In this study, natural Bulgarian zeolite was investigated for its effectiveness to remove ammonium from synthetic wastewater and to treat second cheese whey. Batch experiments were performed in both flasks and fixed-bed columns to examine the effect of various operating conditions on zeolite performance. The conclusions reached from this study are:

• Batch experiments revealed that zeolite granulometry had no significant effect on its ability to absorb ammonium, while maximum removal efficiency was achieved at ammonium concentrations ranging from 10 to 80 mg/L.
• The pseudo-second order model fitted the experimental data thus revealing that chemisorption is the mechanism for the adsorption process of ammonium on zeolite.
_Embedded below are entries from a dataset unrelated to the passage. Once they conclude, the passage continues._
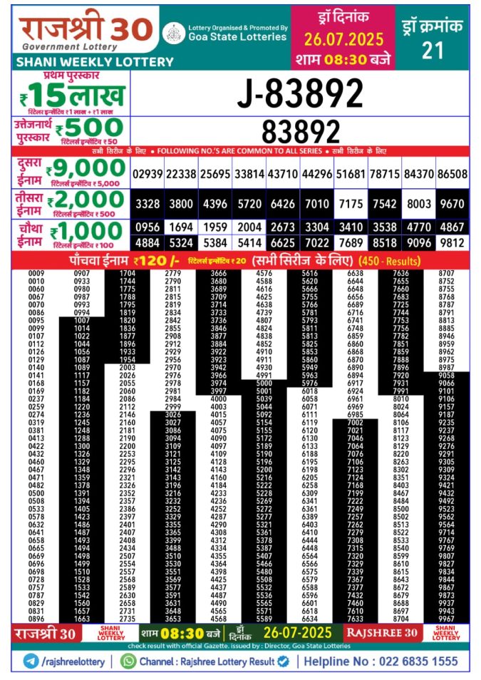 Rajshree 30 Lottery 8:30PM Result 26.07.2025
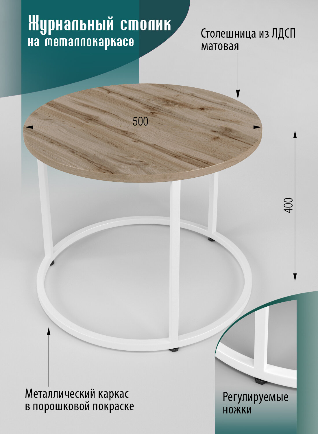 Стол журнальный DiX HOME "Соло", ЛДСП, металлический каркас, круглый, 50х50х40 см
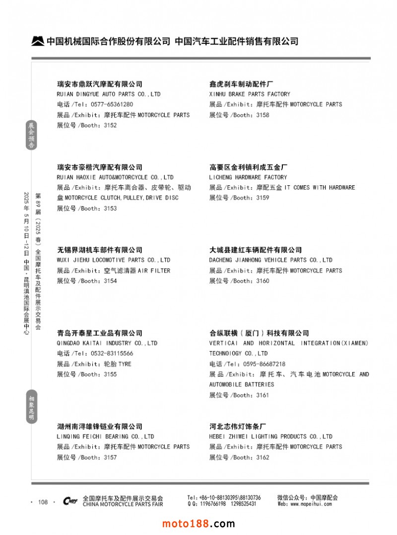 內69-188 第88屆(2024秋)全國摩托車及配件展示交易會-廣州站參展企業信息
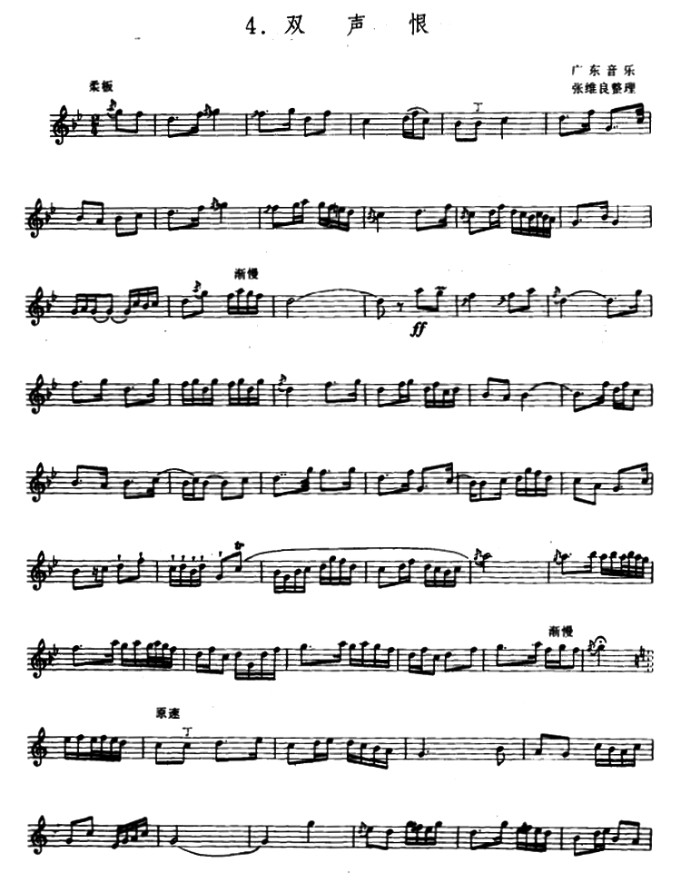 - [笛子谱,箫谱] 双声恨 笛萧谱
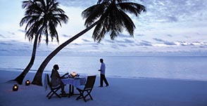 Затем прилёт в международный аэропорт острова Ган, пересадка на катер, и вот уже меньше 10 минут пути до острова по бирюзовой прозрачной воде. Тёплый приём, и туристы на багги отправляются на экскурсию по острову, а личный батлер всё покажет и расскажет.
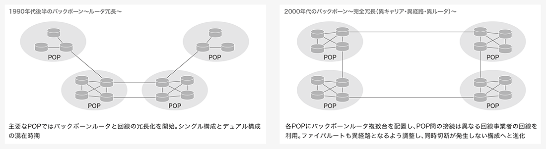 シングル構成のまま拡張を続けたIIJバックボーンですが、1999年頃からインターネット上での金融取引が始まるなど、企業でもネット活用が一般化するにつれインターネットに求められる品質がより厳しくなり始め、耐障害性向上への取り組みが本格的にスタートします。まずは主要なPOPから回線及び機器の冗長化を開始し、2002年頃には完全冗長化を終えました。
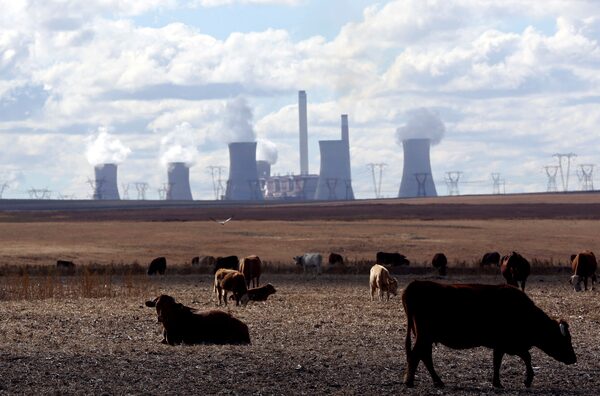 Cows graze as steam rises from the cooling towers of the Matla Power Station, a coal-fired power plant operated by Eskom in Mpumalanga province, South Africa, on May 20, 2018.Siphiwe Sibeko/Reuters
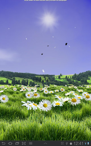 A field with lovely daisies swaying softly in the wind as petals fall like snow over the landscape. Full version have seamless transitions from day to night as the sun moves over the sky, and tons of settings for customizations.
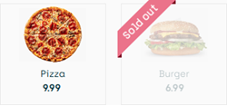 If an article on a button is sold out (which may be the case in restaurants, etc.), your organization may display it like this on the POS display:
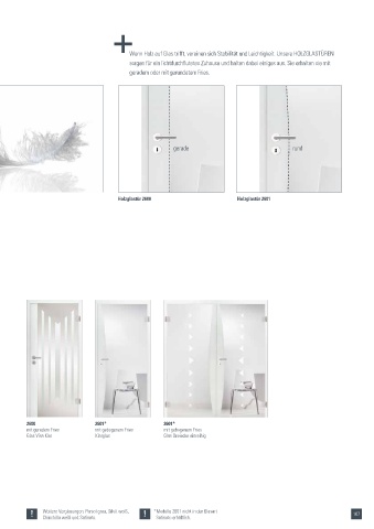 ! ! Weitere Verglasungen: Parsol grau, Silvit weiß, ! *Modelle 2601 nicht in der Glasart 107
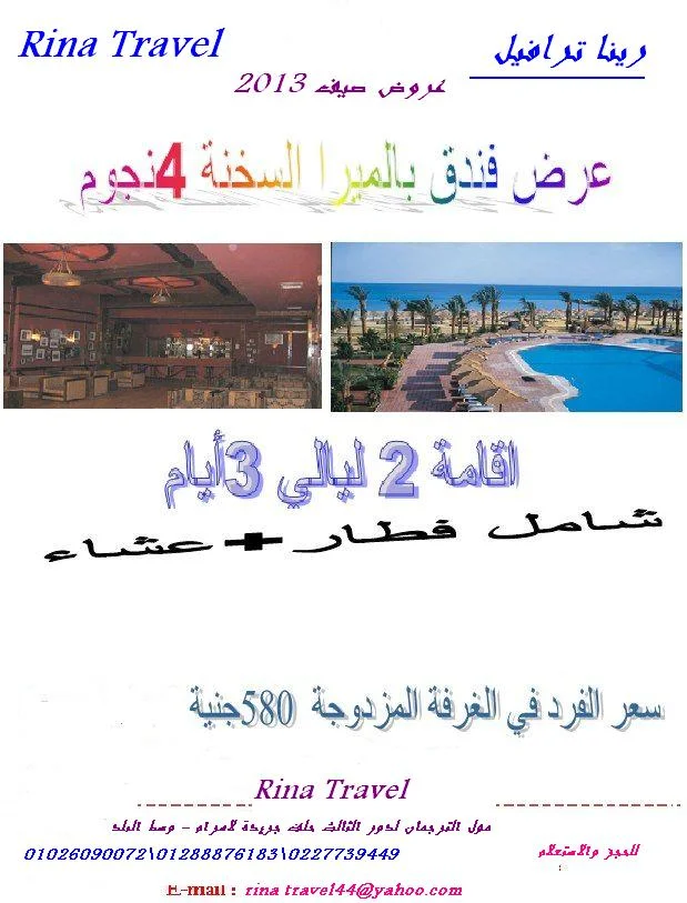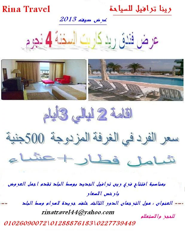 [font="]اسأل عن اقوى عروض [/font][font="]صيف 2013 مع شركة رينا ترافيل[/font][font="] بارخص الاسعار وباجمل الاماكن فى شرم الشيخ والغردقة والعين السخنة بمناسبة افتتاح الفرع الجديد بوسط البلد[/font]
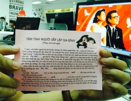 Tấm thiệp còn đính kèm bức Tâm tình người sắp lập gia đình, phía sau là Tâm tình người đi ăn cưới.
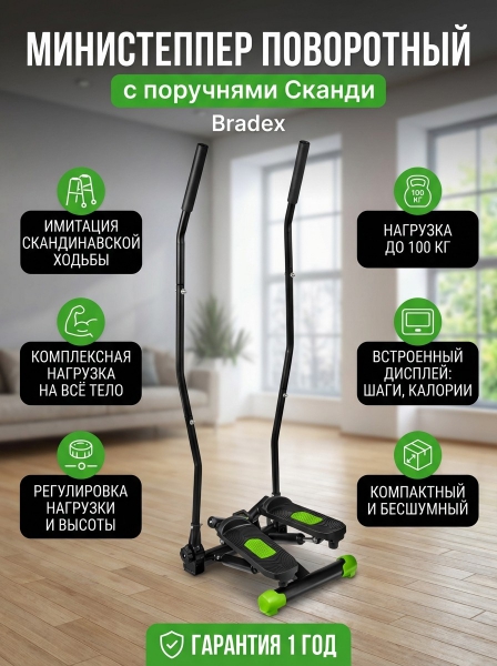 Министеппер поворотный с поручнями Bradex Сканди - Обзор ТОП-10 лучших степперов 2025 🏆: Обзор и рейтинг
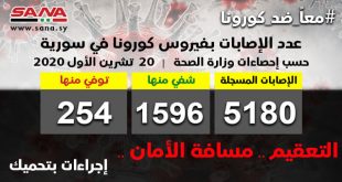 دمشق-سانا أعلنت وزارة الصحة اليوم تسجيل 46 إصابة جديدة بفيروس كورونا وشفاء 31 حالة ووفاة 3 من الإصابات المسجلة بفيروس كورونا في سورية. وأوضحت الوزارة في بيان تلقت سانا نسخة منه أن حصيلة الإصابات المسجلة في سورية بلغت حتى الآن …
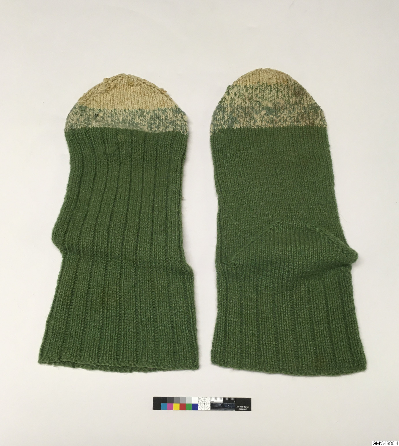 : 4-5) Ett par hemstickade tumvantar av grönt yllegarn med mönstereffekt på ovansidan och slät- och resårstickning för övrigt.
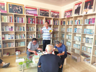 9月8日下午2時,永濟(jì)市卿頭鎮(zhèn)張坊村村民杜德建家,不時有村民熟絡(luò)地推門進(jìn)來?!袄隙牛襾碚冶緯?!”一聲招呼后,便徑直走向二樓。書頁翻動的沙沙聲、偶爾傳來的討論聲,讓這個看似普通的農(nóng)家小院,洋溢著不普通的書香氛圍。
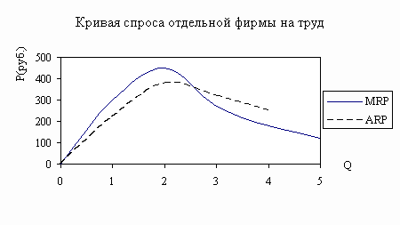 Как следует из таблицы, фирма, нанимая второго рабочего, увеличивает объем продукции с 10 до 25 единиц, то есть предельный продукт труда второго рабочего составляет 15 единиц, третьего рабочего — 9 единиц (34-25) и т.д. Но фирма заинтересована не только в приросте продукции, но и в том, какую “отдачу” дает каждый дополнительно нанятый рабочий, или какой прирост дохода он обеспечивает фирме. Поэтому важно исчислить предельный продукт труда в денежном выражении. Фирма функционирует в условиях совершенной конкуренции, а значит, она не может воздействовать на цену продукции, которая является неизменной и в нашем примере составляет 30 руб. Тогда, вычисляя предельный продукт труда в денежном выражении по формуле: MRP = MP ´ P предельный продукт труда 1-го рабочего равен 300 руб. (10 ед. ´ 30 руб. = 300 руб.), 2-го рабочего — 450 руб. (15 ´ 30 = 450 руб.), третьего рабочего равен 270 руб. и т.д. Из таблицы видно, что величина предельного продукта в денежном выражении сначала растет, а затем начинает снижаться. Это происходит в соответствии с законом “убывающей отдачи”. В силу действия этого закона, каждое дополнительное увеличение единиц труда при неизменной величине других ресурсов через определенное время ведет к снижению прироста продукции. Вывод : В условиях совершенной конкуренции отдельная фирма будет нанимать рабочих до тех пор, пока предельный продукт их труда в денежном выражении не станет равным предельным затратам на оплату их труда.
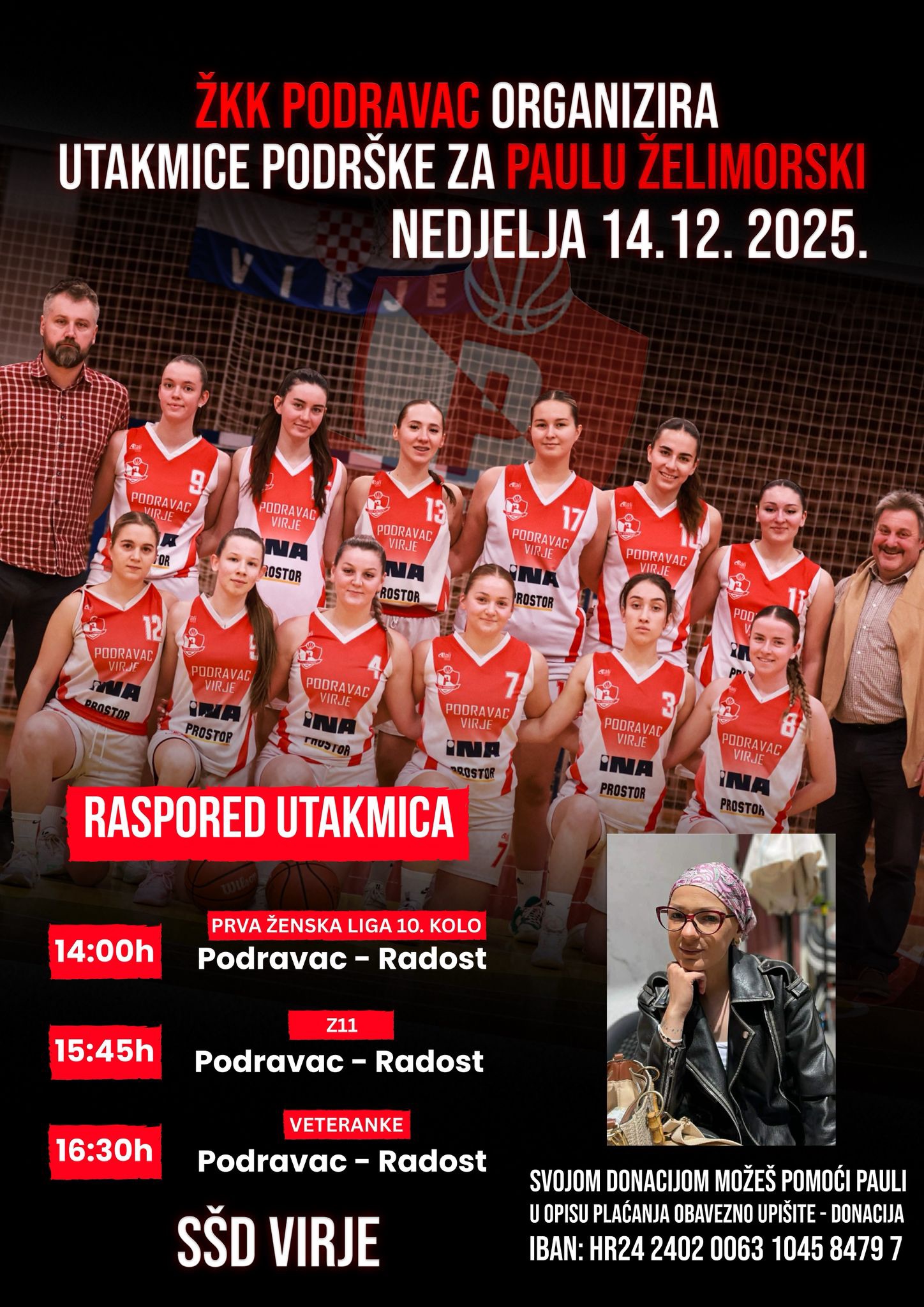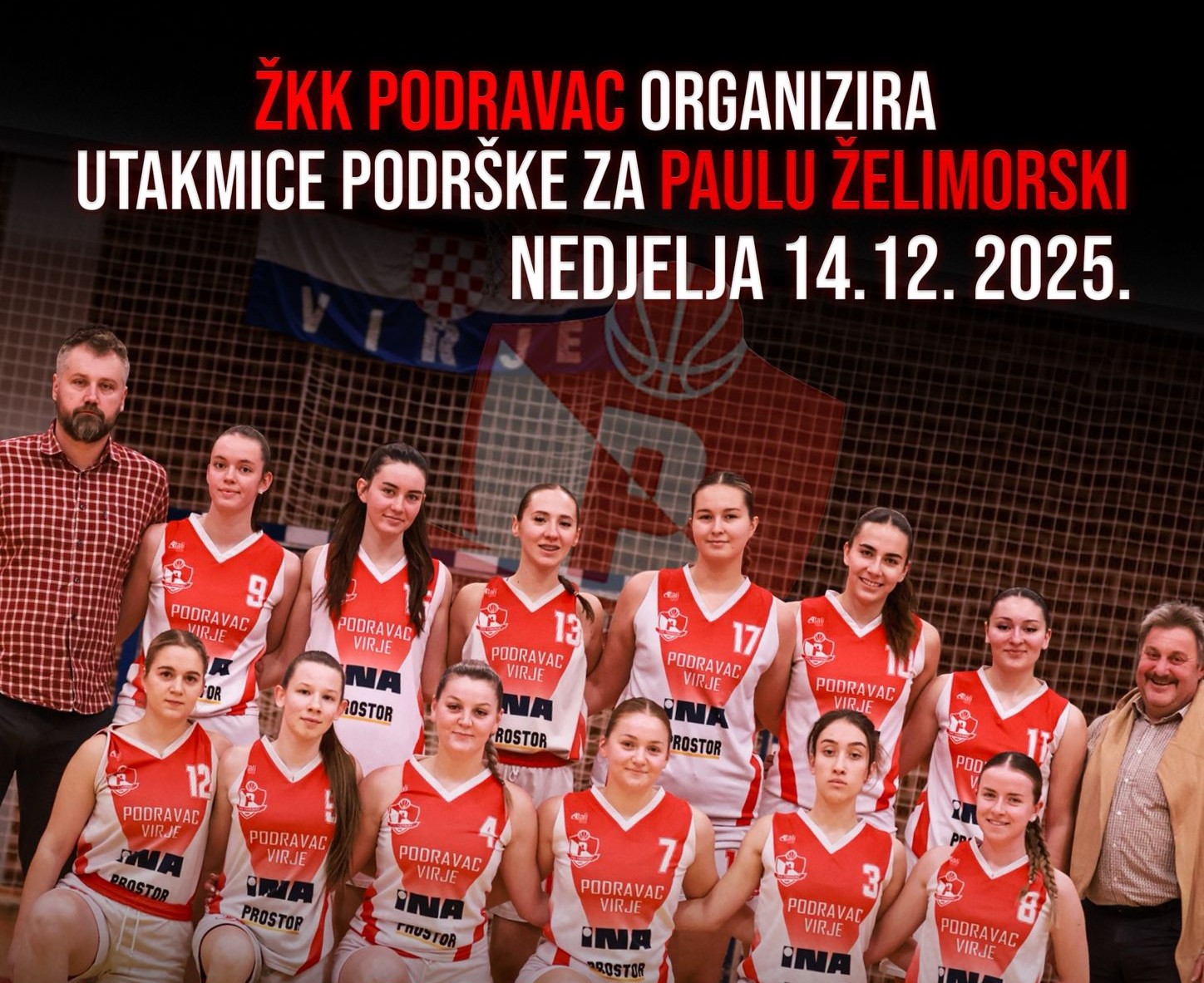 Ženski košarkaški klub Podravac poziva sve građane, sportaše i ljubitelje košarke da se pridruže utakmicama podrške posvećenima Pauli Želimorski, kojoj je potrebna pomoć kako bi mogla nastaviti liječenje u inozemstvu.
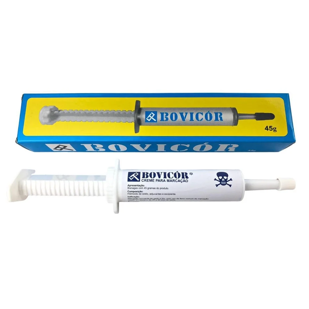O Bovicor é um creme específico para a marcação incruenta de bezerros, utilizando ferros comuns de marcar. Sua fórmula especial garante uma marcação nítida e permanente, facilitando a identificação individual dos animais ao longo de toda a sua vida.
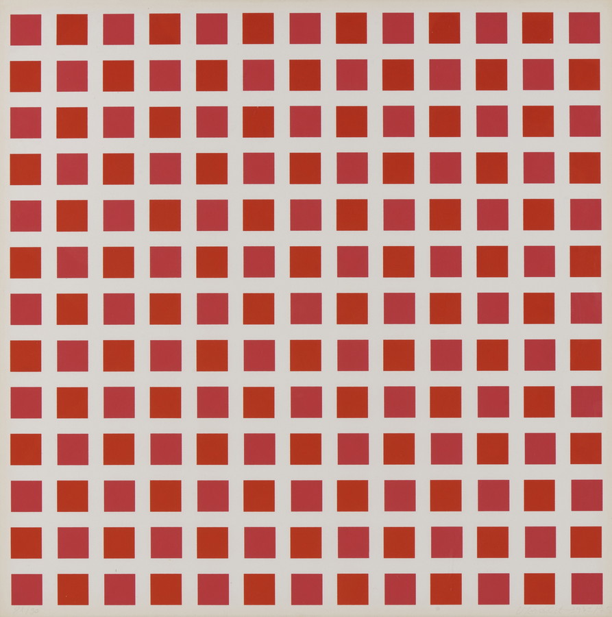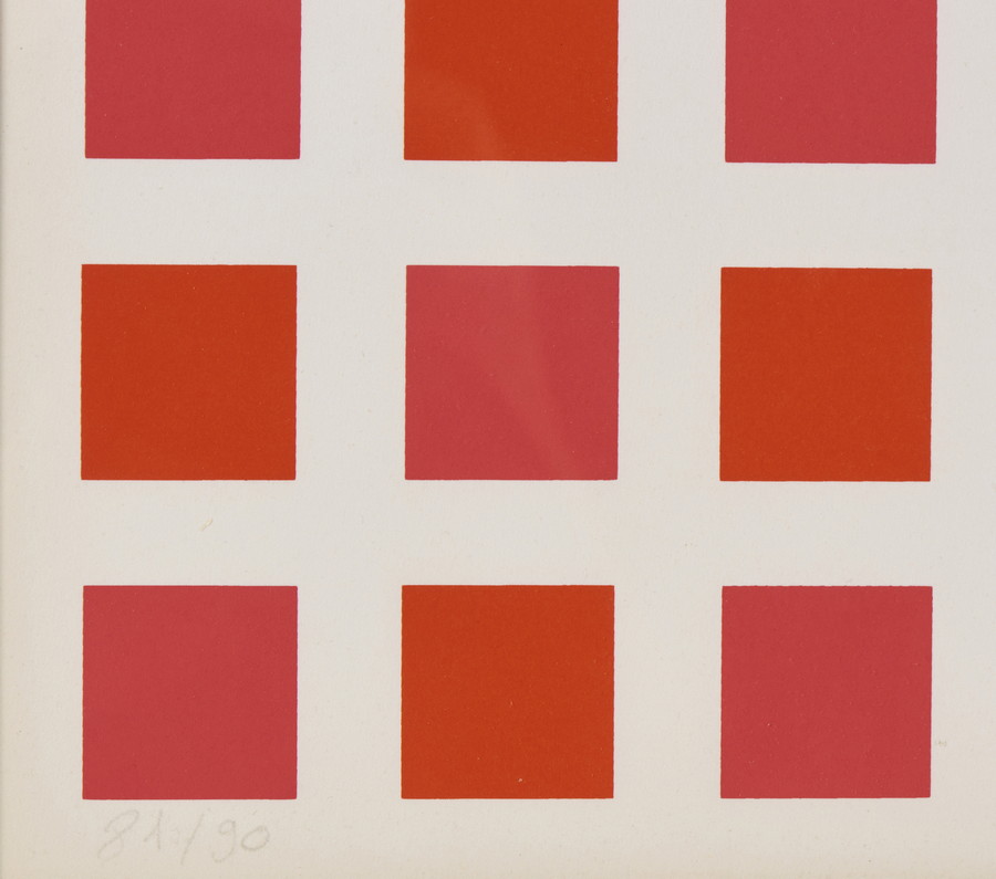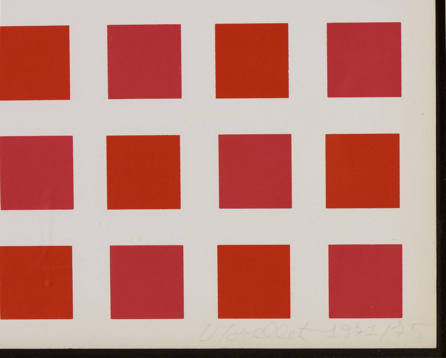 MORELLET FRANCOIS (n. 1926) 1 CARRE' ROUGE 1 CARRE' ORANGE. serigrafia a colori. Cm 69,00 x 69,00. firma, data e tiratura a matita, es. 81/90

The Freundlich isotherm model best fit the experimental data.
• Experiments in columns using synthetic wastewater with an initial NH₄⁺-N concentration of 200 mg/L revealed that for all granulometries tested, the zeolite was able to absorb almost all available NH₄⁺-N (over 99%) in the first 120 min. The same was not observed for initial concentrations of 5000 mg/L where only zeolite with grain sizes of 0.71–1.0 mm managed to remove over 99% NH₄⁺-N (99.9%) in 120 min. All other zeolite granulometries reached equilibrium much later (24 h, 96%–97% removal of NH₄⁺-N).
• Natural zeolite may be used as an alternative substrate for second cheese whey treatment, as significant removal of organic load (up to 40%, 14.53 mg COD/g of zeolite) and NH₄⁺-N (about 99%) can be achieved. Concerning PO₄³⁻-P, the zeolite appeared to saturate after day one of the experiments at a removal capacity of 0.15 mg P/g of zeolite. Desorption experiments with deionized water in batch and columns presented low desorption rates for NH₄⁺-N and PO₄³⁻-P, thus indicating that this zeolite could be used as substrate for slow nitrogen release in soils.
• Prolonged use of zeolite in SCW treatment (after three days) led to the formation of biomass by increasing the percentage of organic load removal.